Mrs. Sanders receives an award from Jacksonville City Council for her efforts for Read Across America Week
Mrs. Sanders receives an award from Jacksonville City Council for her efforts for Read Across America Week

By Pat Gruner Lifestyles Writer

Camp Lejeune Globe

 

Norma Sanders’ love for reading started at an early age.

“My mother would read to us,” said Sanders, a teacher at Heroes Elementary School on Marine Corps Base Camp Lejeune. “The newspaper being delivered was a big deal at our house, magazines as well. She was so proud of our reading. When people would come by, and it didn’t matter if it was the milkman or an insurance salesman, she’d invite them in and say ‘Listen to my babies read.’”

Now, Sanders’ love for reading has come full circle with a special event for Read Across America Day at Heroes Elementary School. The project, started by the National Education Association (NEA), aims to help improve literacy and promote reading among people of all ages. The event falls on the first school-day closest to March 2 in honor of the birthday of children’s author Theodore Geisel, better known as Dr. Seuss.

For Sanders, the March 4 event was the culmination of months of work. She obtained a grant for the school after writing a project centered on this year’s NEA theme of “Celebrating a Nation of Diverse Readers.” She was responsible for bringing individuals from across the community — inside Camp Lejeune’s gates and out — to read to students at the school.

“We have guests from all walks of life. City council members, high ranking military officials, people in education, religious leaders and guests from the emergency service departments are all here,” said Dr. Kimberley Carr, principal at Heroes Elementary School. “Norma Sanders, who wrote for the grant and coordinated the event, did an outstanding job. … This was the culminating event for a week’s worth of literacy activities.”

Events throughout the previous week included presentations for the school on the importance of reading as well as various days that allowed students to dress as their favorite characters.

Among notable attendees at this year’s Read Across America Day were Bryan Jackson of Jacksonville’s City Council, Judge Paul Hardison and Clay Bauman from WITN-Ch. 7.
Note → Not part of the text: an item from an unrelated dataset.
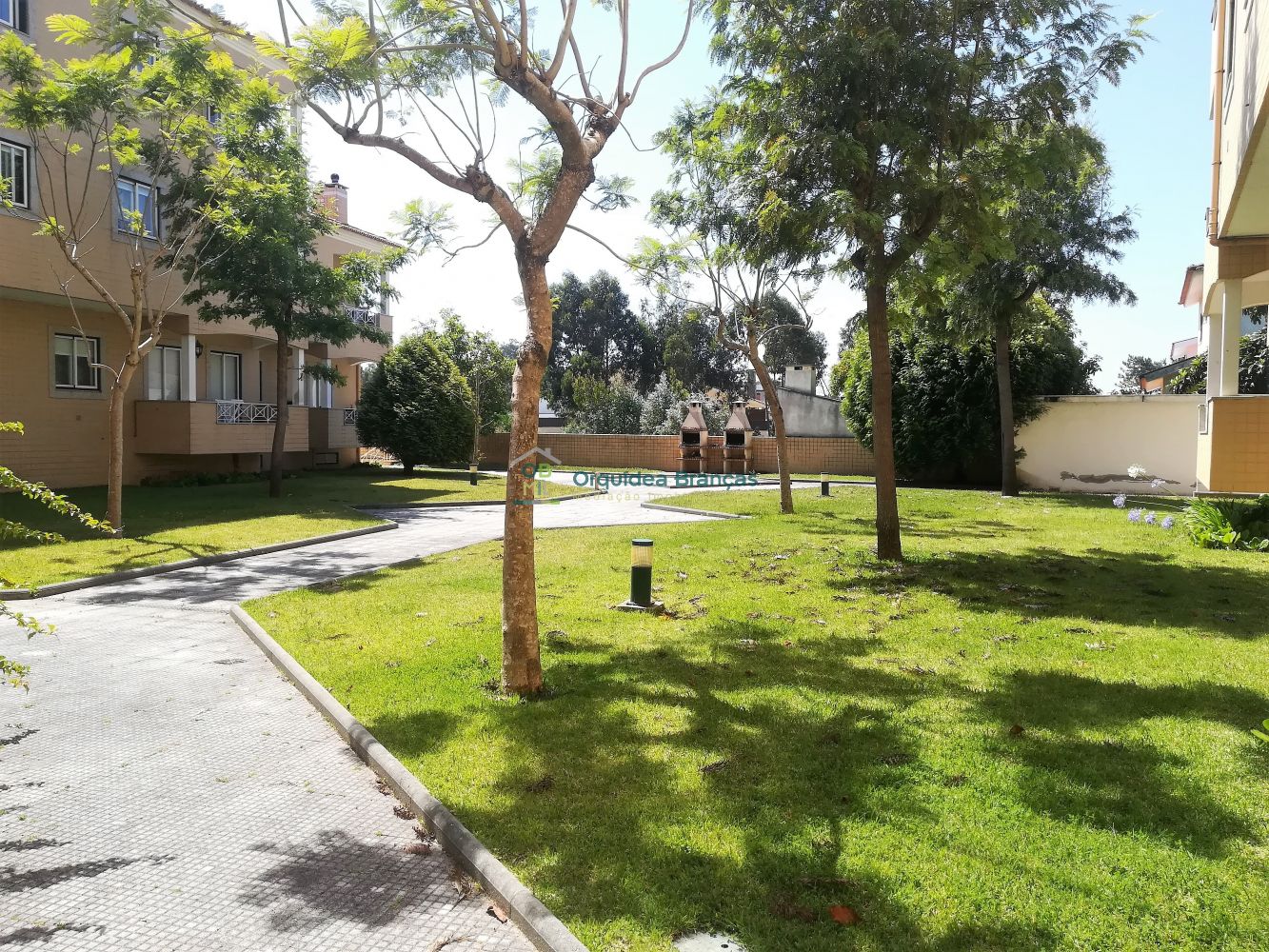 Em condomínio fechado com jardins e churrasqueira.

“One of the most touching moments for me was one of my previous students, Clay from WITN, coming back to read to the children today,” said Sanders.

A number of Marines also read to students during the day, including Maj. Gen. David J. Furness, commanding general of the 2nd Marine Division.

“I was asked to participate in this event, and I was more than happy to do it,” Furness said. “Any activity that promotes reading is important.”

He read the Dr. Seuss book “Horton Hears a Who” to a couple of fifth-grade classes during the Read Across America Day event.

“It is a touching story about courage and commitment, standing up for the rights of marginalized 

people and standing by a friend no matter how unpopular it may be,” Furness said. “I think for this age group, those are some important life lessons.”

Sanders said students enjoyed hearing the stories from the community and military leaders.

“They’ve been coming up to me and saying ‘thank you,’” Sanders said.

Students and volunteers alike also received gifts from Sanders to help grow a love for reading. Younger students from kindergarten to second grade received Dr. Seuss themed hats, while the older elementary schoolers were given an array of bookmarks.

“Encouraging them to read is what it’s all about for me,” Sanders said of the gifts.

Volunteer readers received certificates of appreciation as well as pens.

For Sanders, the timing of the event tied naturally to the project’s 2019 theme.

“I knew we had Women’s History Month, Black History Month and Dr. Seuss’ birthday all coming up together with Read Across America Day,” said Sanders. “I wanted children to be able to see people with different accents, backgrounds and cultures come together and show who they are through reading.”

That concept is important to Sanders.

“I want students to see people read in their own ways. I want them to be themselves,” said Sanders. “It’s a community effort. For all of us.”